Influence of vitamin D deficiency and vitamin D receptor polymorphisms on tuberculosis among Gujarati Asians in west London: a case-control study (see comments)

摘要

BACKGROUND: Susceptibility to disease after infection by Mycobacterium tuberculosis is influenced by environmental and host genetic factors. Vitamin D metabolism leads to activation of macrophages and restricts the intracellular growth of M. tuberculosis. This effect may be influenced by polymorphisms at three sites in the vitamin D receptor (VDR) gene. We investigated the interaction between serum vitamin D (25-hydroxycholecalciferol) concentrations and VDR genotype on susceptibility to tuberculosis. METHODS: This study was a hospital-based case-control analysis of Asians of Gujarati origin, a mainly vegetarian immigrant population with a high rate of tuberculosis.
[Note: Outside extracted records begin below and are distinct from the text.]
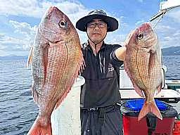 真鯛 1.1-1.2キロ 1人 2枚 今日は潮スムーズに流れましたが食い渋く苦戦しました
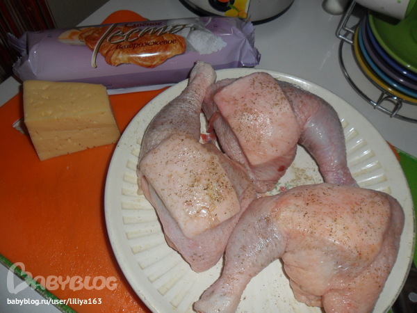 Блюда из птицыНа куриных окорочках оттянуть кожицу и внутрь полученного "кармашка" положить ломтик сыра. Кожу сверху посолить и посыпать специями (у меня "прованские травы").
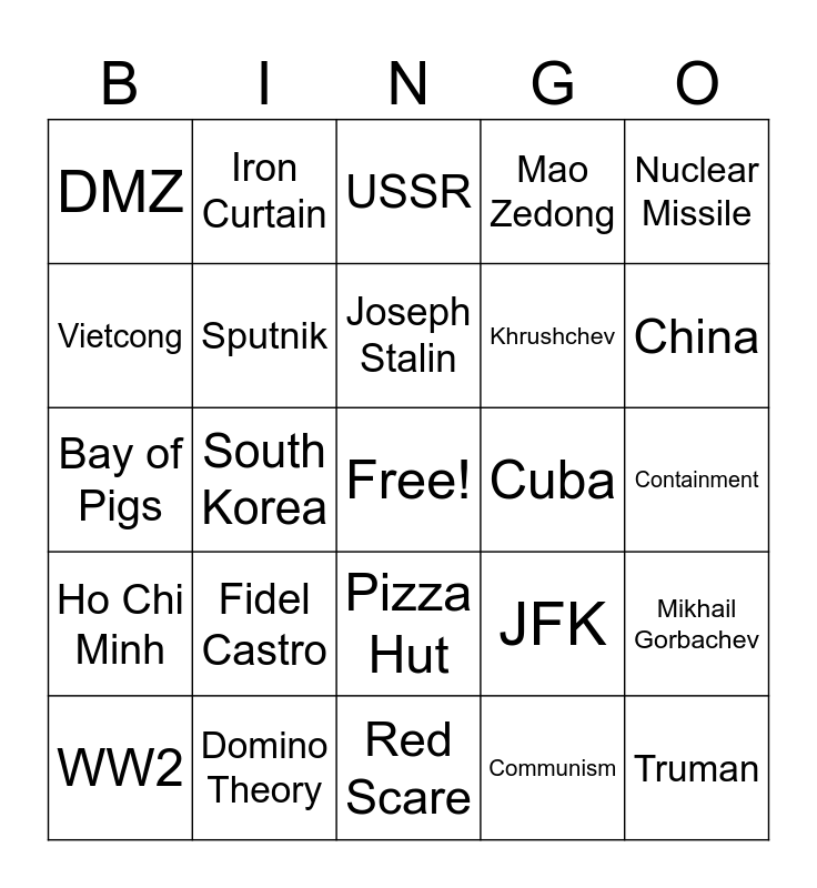 This bingo card has a free space and 29 words: WW2, North Korea, South Korea, Berlin, DMZ, USSR, Sputnik, Fidel Castro, Cuba, Domino Theory, Containment, Truman, Red Scare, Communism, China, Vietnam, Pizza Hut, Ho Chi Minh, Nuclear Missile, Bay of Pigs, JFK, Moon Landing, Khrushchev, Vietcong, Mao Zedong, Iron Curtain, Mikhail Gorbachev, Joseph Stalin and 38th Parallel.
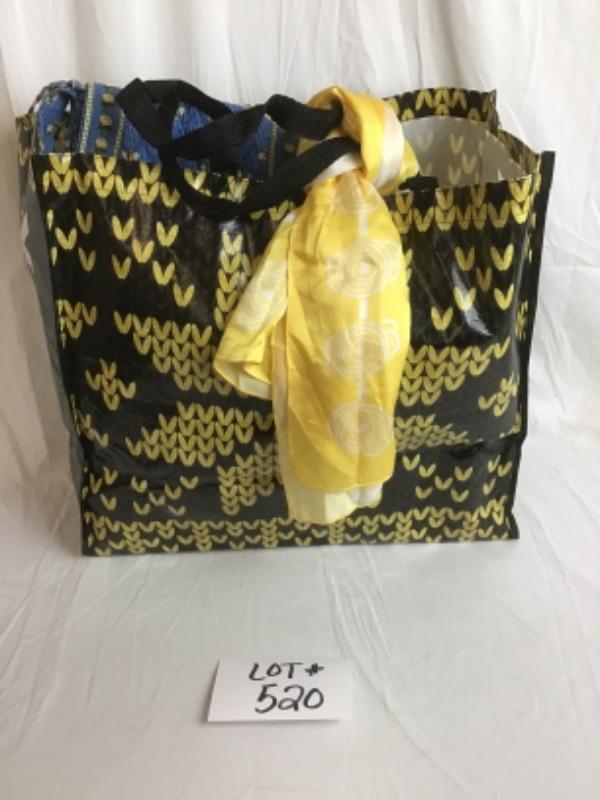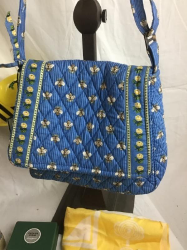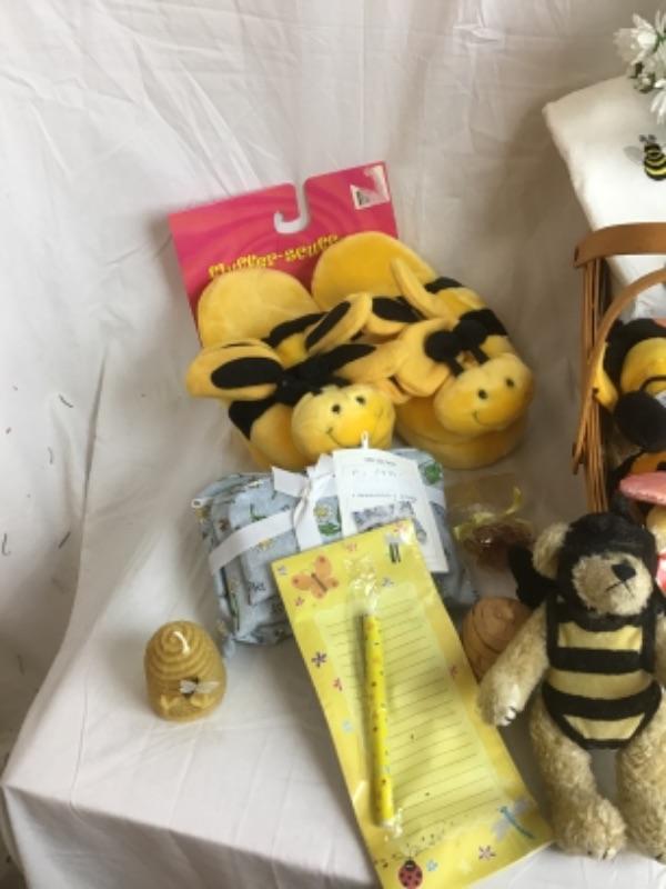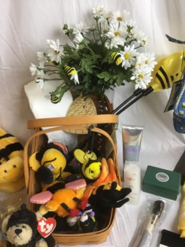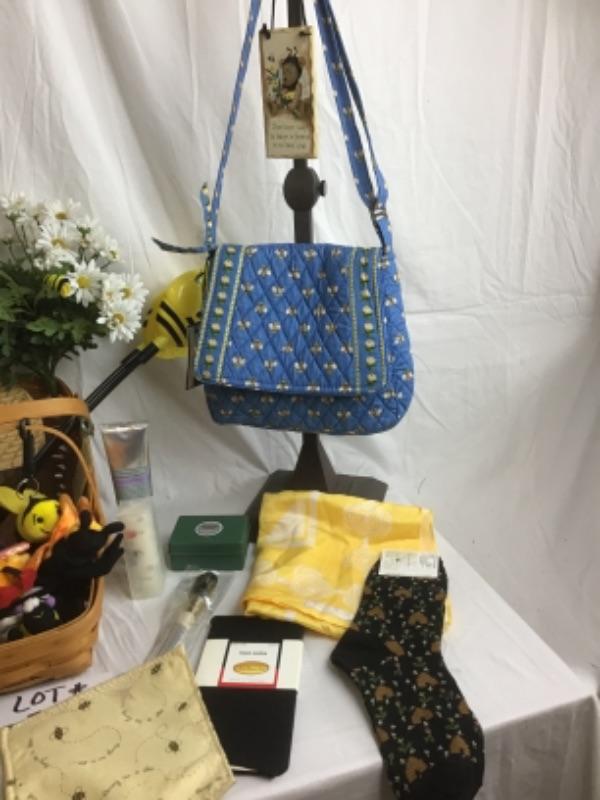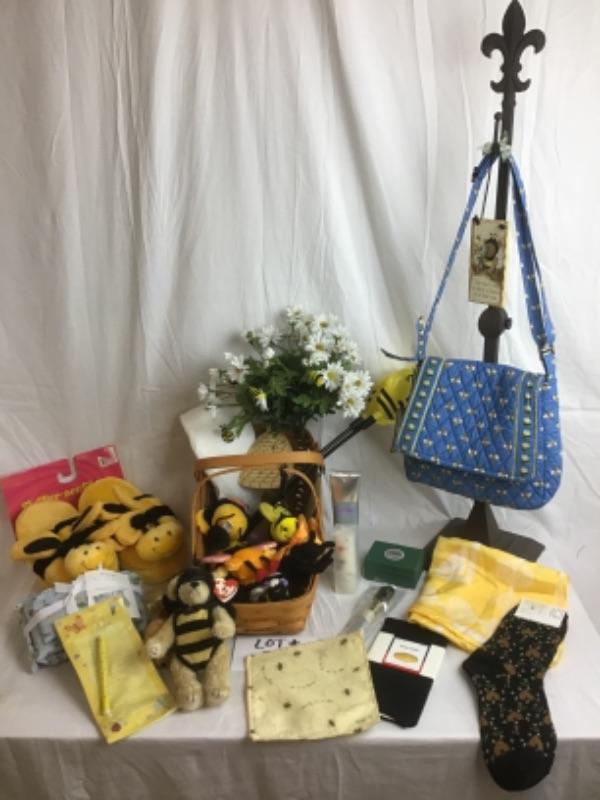 Socks, Slippers, Vera Bradley Set of 3 Accessories Bags, Vera Bradley Handbag, Ellen Allen Scarf, Longaberger Basket with 2 Handles and Plastic Liner, several smal Bee Stuffed Animals

We typed three VDR polymorphisms (defined by the presence of restriction endonuclease sites for Taq1, Bsm1, and Fok1) in 91 of 126 untreated patients with tuberculosis and 116 healthy contacts who had been sensitised to tuberculosis. Serum 25-hydroxycholecalciferol was recorded in 42 contacts and 103 patients. FINDINGS: 25-hydroxycholecalciferol deficiency was associated with active tuberculosis (odds ratio 2.9 [95% CI 1.3-6.5], p=0.008), and undetectable serum 25-hydroxycholecalciferol (<7 nmol/L) carried a higher risk of tuberculosis (9.9 [1.3-76.2], p=0.009). Although there was no significant independent association between VDR genotype and tuberculosis, the combination of genotype TT/Tt and 25-hydroxycholecalciferol deficiency was associated with disease (2.8 [1.2-6.5]) and the presence of genotype ff or undetectable serum 25-hydroxycholecalciferol was strongly associated with disease (5.1 [1.4-18.4]). INTERPRETATION: 25-hydroxycholecalciferol deficiency may contribute to the high occurrence of tuberculosis in this population. Polymorphisms in the VDR gene also contribute to susceptibility when considered in combination with 25-hydroxycholecalciferol deficiency.